Some of Yarvin’s writing from then is so radically right wing that it almost has to be read to be believed,
like the time he critiqued the attacks by the Norwegian far-right terrorist Anders Behring Breivik
—who killed 77 people, including dozens of children at a youth camp
—not on the grounds that terrorism is wrong

but because the killings wouldn’t do anything effective to overthrow what Yarvin called
Norway’s “communist” government.

He argued that Nelson Mandela,
once head of the military wing of the African National Congress,
had endorsed terror tactics and political murder against opponents,
and said anyone who claimed
“St. Mandela” was more innocent than Breivik might have
“a mother you’d like to fuck.”

He’s tempered himself in middle age
—he now says he has a rule never to
“say anything unnecessarily controversial,
or go out of my way to be provocative for no reason.”

Many liberals who hear him talk would probably question how strictly he follows this rule,

but even in his Moldbug days, most of his controversial writings were couched in thickets of irony and metaphor,

a mode of speech that younger podcasters and Twitter personalities on the highly online right have adopted
—a way to avoid getting kicked off tech platforms or having their words quoted by liberal journalists.

He considers himself a reactionary, not just a conservative
—he thinks it is impossible for an Ivy League–educated person to really be a conservative.

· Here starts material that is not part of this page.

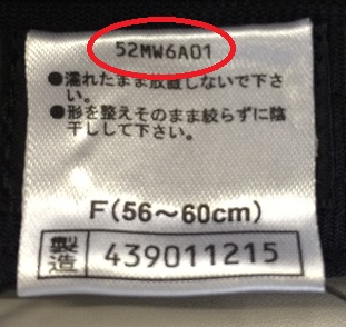2.次に、品質ネームの製造番号を確認してください。ジャケット、パンツは9桁の製造番号が「221451115」「221451215」、キャップは同「439011215」の製品が対象となります。但し、製造番号右横に●印があるもの、これ以外の製造番号のものは、検査済みの製品で対象外となります。

He has consistently argued that conservatives waste their time and political energy on fights over issues like gay marriage or critical race theory,

because liberal ideology holds sway in the important institutions of prestige media and academia
—an intertwined nexus he calls
“the Cathedral.”

He developed a theory to explain the fact that America has lost its so-called state capacity,
his explanation for why it so often seems that it is not actually capable of governing anymore:

The power of the executive branch has slowly devolved to an oligarchy of the educated
who care more about competing for status within the system than they do about America’s national interest.